[Records for processing]:
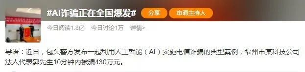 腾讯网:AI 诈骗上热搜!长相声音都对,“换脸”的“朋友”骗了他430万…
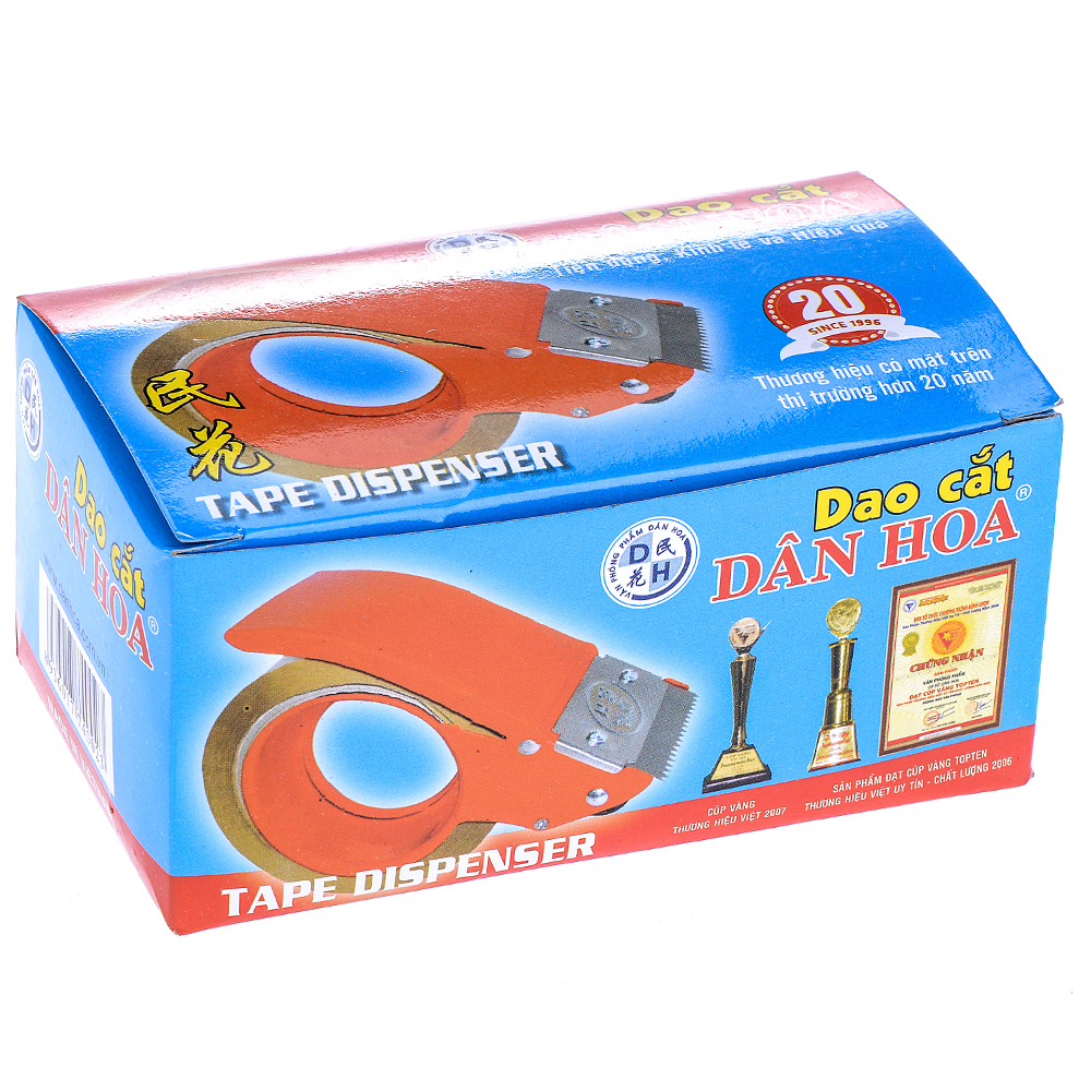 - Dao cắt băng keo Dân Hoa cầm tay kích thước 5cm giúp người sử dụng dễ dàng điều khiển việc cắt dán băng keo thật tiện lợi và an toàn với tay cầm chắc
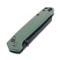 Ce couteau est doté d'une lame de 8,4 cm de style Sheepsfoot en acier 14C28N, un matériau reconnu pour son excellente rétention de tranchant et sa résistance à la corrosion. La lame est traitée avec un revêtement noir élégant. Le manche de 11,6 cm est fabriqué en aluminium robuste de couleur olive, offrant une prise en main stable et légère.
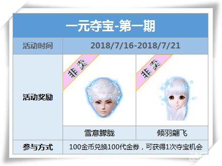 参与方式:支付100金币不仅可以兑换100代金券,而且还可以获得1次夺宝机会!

--

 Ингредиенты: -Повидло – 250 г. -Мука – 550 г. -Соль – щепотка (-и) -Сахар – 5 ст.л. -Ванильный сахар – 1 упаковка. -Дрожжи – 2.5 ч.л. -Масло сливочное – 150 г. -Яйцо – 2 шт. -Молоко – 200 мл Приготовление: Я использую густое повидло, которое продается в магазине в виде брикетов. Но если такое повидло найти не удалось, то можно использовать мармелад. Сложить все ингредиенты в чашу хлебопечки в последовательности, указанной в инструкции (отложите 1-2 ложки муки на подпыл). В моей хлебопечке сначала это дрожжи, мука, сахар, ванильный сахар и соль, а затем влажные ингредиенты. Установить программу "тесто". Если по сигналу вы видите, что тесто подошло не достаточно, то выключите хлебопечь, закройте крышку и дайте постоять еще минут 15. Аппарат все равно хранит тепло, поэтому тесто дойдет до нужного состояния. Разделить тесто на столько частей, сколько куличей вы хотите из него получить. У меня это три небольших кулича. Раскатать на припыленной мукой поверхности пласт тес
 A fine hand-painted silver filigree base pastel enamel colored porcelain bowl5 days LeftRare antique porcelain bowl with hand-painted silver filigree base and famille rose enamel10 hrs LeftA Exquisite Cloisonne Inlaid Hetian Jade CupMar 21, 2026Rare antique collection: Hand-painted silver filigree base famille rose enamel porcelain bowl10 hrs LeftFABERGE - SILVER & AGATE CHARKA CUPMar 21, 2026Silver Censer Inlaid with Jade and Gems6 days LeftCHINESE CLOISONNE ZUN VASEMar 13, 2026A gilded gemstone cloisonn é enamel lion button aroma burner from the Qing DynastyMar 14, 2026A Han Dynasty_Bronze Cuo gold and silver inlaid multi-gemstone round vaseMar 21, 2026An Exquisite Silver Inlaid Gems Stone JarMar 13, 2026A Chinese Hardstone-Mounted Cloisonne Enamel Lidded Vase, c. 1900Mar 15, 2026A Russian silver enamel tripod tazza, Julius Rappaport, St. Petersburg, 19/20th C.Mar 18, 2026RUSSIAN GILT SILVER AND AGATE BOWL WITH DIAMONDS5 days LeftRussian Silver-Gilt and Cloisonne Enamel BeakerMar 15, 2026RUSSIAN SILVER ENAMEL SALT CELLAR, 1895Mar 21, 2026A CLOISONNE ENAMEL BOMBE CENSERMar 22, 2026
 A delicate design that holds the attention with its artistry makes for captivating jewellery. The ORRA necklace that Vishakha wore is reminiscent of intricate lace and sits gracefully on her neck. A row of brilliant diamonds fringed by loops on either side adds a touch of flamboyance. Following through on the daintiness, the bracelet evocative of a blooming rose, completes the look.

[Directions for this task]: Starting at the line above that has "Ce couteau est" and ending at the line that has "参与方式:支付100金币不仅可以兑换100代金券,而且还可以获得1次夺宝机会!", copy each line exactly, leaving the pictures out and adding nothing.

[Result for this task]:
 Ce couteau est doté d'une lame de 8,4 cm de style Sheepsfoot en acier 14C28N, un matériau reconnu pour son excellente rétention de tranchant et sa résistance à la corrosion. La lame est traitée avec un revêtement noir élégant. Le manche de 11,6 cm est fabriqué en aluminium robuste de couleur olive, offrant une prise en main stable et légère.
 参与方式:支付100金币不仅可以兑换100代金券,而且还可以获得1次夺宝机会!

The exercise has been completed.